● The problem
From the entries below, return exactly the lines beginning at the one that contains "These light, perfectly" and ending at the one that contains "Greesum 80 Gallon", both of them included, and only those lines.

● Stored data
☆ ☆ ☆ ☆ ☆

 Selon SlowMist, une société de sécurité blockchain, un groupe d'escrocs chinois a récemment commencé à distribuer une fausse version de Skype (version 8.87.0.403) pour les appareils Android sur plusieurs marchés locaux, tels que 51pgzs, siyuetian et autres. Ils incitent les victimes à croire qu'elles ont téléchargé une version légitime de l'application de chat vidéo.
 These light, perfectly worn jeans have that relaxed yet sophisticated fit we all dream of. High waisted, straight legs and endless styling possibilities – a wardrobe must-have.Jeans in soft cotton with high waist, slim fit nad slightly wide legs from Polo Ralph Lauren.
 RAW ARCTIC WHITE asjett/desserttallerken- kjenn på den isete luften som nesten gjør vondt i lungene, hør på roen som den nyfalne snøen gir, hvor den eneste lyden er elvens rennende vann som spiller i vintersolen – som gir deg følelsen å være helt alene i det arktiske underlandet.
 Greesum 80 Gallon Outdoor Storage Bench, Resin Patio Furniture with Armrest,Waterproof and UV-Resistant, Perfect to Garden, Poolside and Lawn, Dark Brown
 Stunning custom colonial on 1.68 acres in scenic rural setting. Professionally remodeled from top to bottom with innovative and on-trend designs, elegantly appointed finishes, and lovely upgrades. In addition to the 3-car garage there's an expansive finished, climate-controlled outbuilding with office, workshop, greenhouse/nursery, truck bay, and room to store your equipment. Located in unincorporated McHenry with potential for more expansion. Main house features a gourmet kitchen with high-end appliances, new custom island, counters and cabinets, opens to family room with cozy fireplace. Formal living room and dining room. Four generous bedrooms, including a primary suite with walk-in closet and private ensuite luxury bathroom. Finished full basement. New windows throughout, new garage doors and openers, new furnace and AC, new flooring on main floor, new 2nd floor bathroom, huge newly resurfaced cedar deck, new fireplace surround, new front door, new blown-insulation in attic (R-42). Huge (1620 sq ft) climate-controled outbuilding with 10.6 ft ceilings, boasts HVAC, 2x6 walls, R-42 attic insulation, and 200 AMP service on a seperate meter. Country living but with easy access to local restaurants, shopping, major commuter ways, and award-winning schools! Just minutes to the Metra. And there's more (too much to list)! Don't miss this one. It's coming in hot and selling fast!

☆ ☆ ☆ ☆ ☆

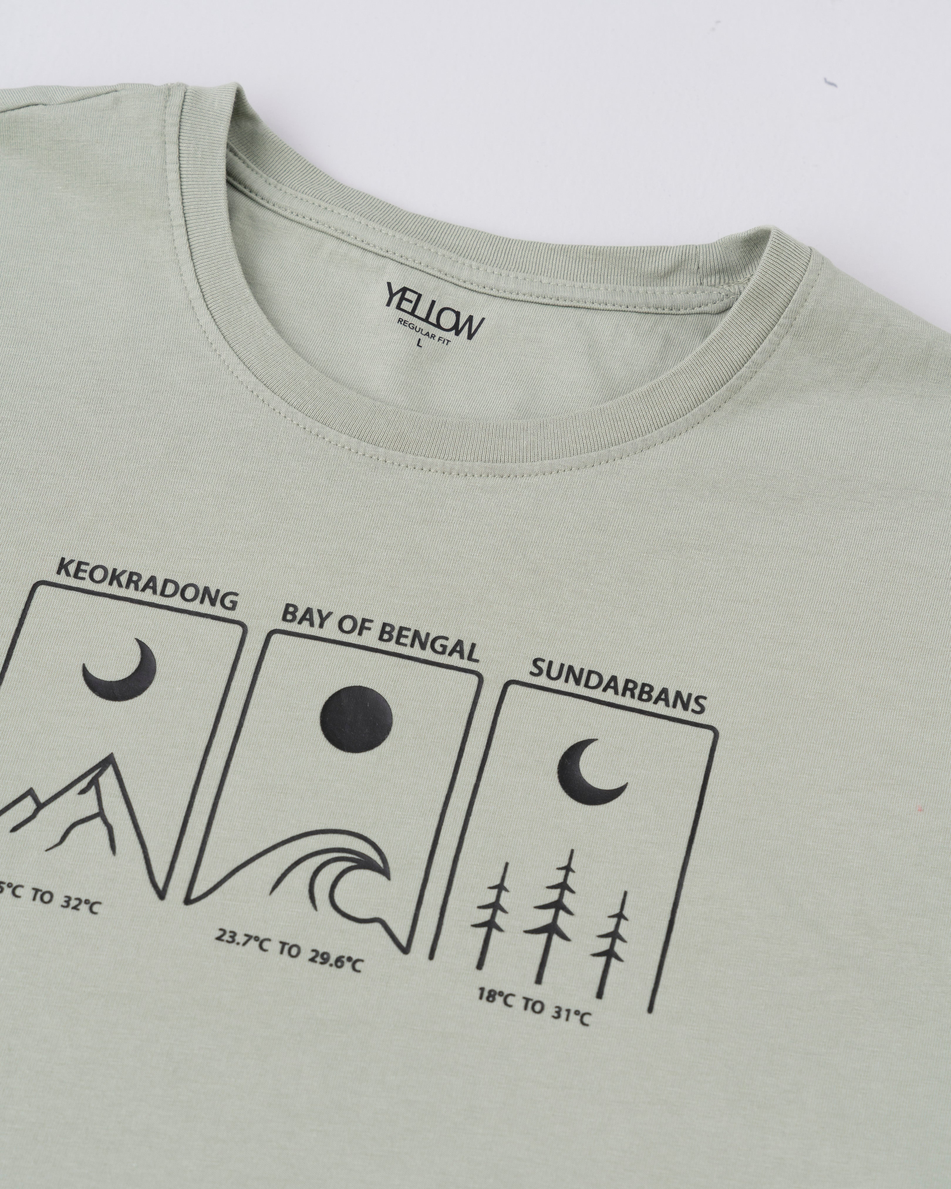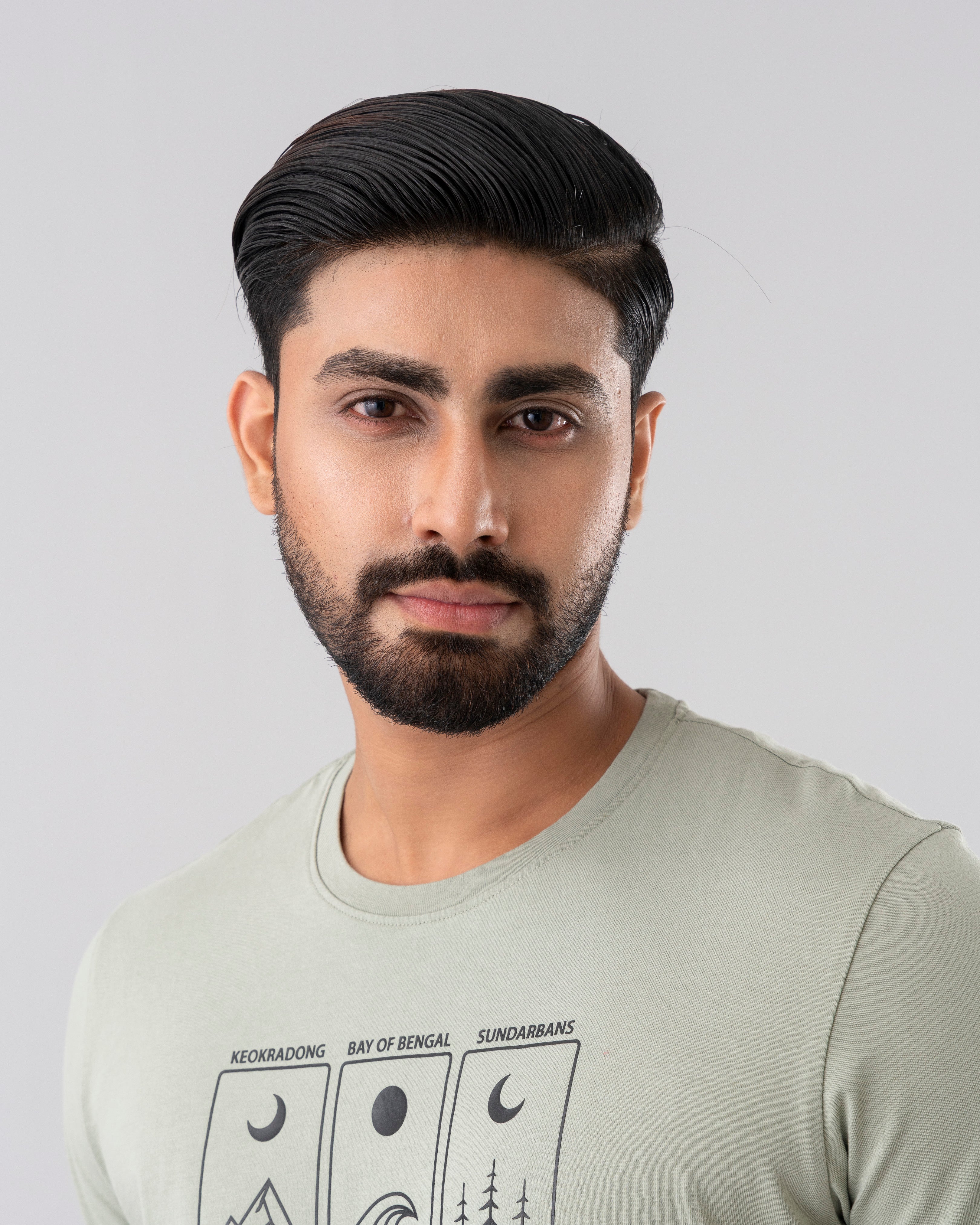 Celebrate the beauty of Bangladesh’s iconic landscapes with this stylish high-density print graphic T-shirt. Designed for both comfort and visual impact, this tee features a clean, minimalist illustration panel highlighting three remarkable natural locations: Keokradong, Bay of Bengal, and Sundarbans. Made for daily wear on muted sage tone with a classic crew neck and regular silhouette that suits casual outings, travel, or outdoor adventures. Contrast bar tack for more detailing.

☆ ☆ ☆ ☆ ☆

● Exercise result
 These light, perfectly worn jeans have that relaxed yet sophisticated fit we all dream of. High waisted, straight legs and endless styling possibilities – a wardrobe must-have.Jeans in soft cotton with high waist, slim fit nad slightly wide legs from Polo Ralph Lauren.
 RAW ARCTIC WHITE asjett/desserttallerken- kjenn på den isete luften som nesten gjør vondt i lungene, hør på roen som den nyfalne snøen gir, hvor den eneste lyden er elvens rennende vann som spiller i vintersolen – som gir deg følelsen å være helt alene i det arktiske underlandet.
 Greesum 80 Gallon Outdoor Storage Bench, Resin Patio Furniture with Armrest,Waterproof and UV-Resistant, Perfect to Garden, Poolside and Lawn, Dark Brown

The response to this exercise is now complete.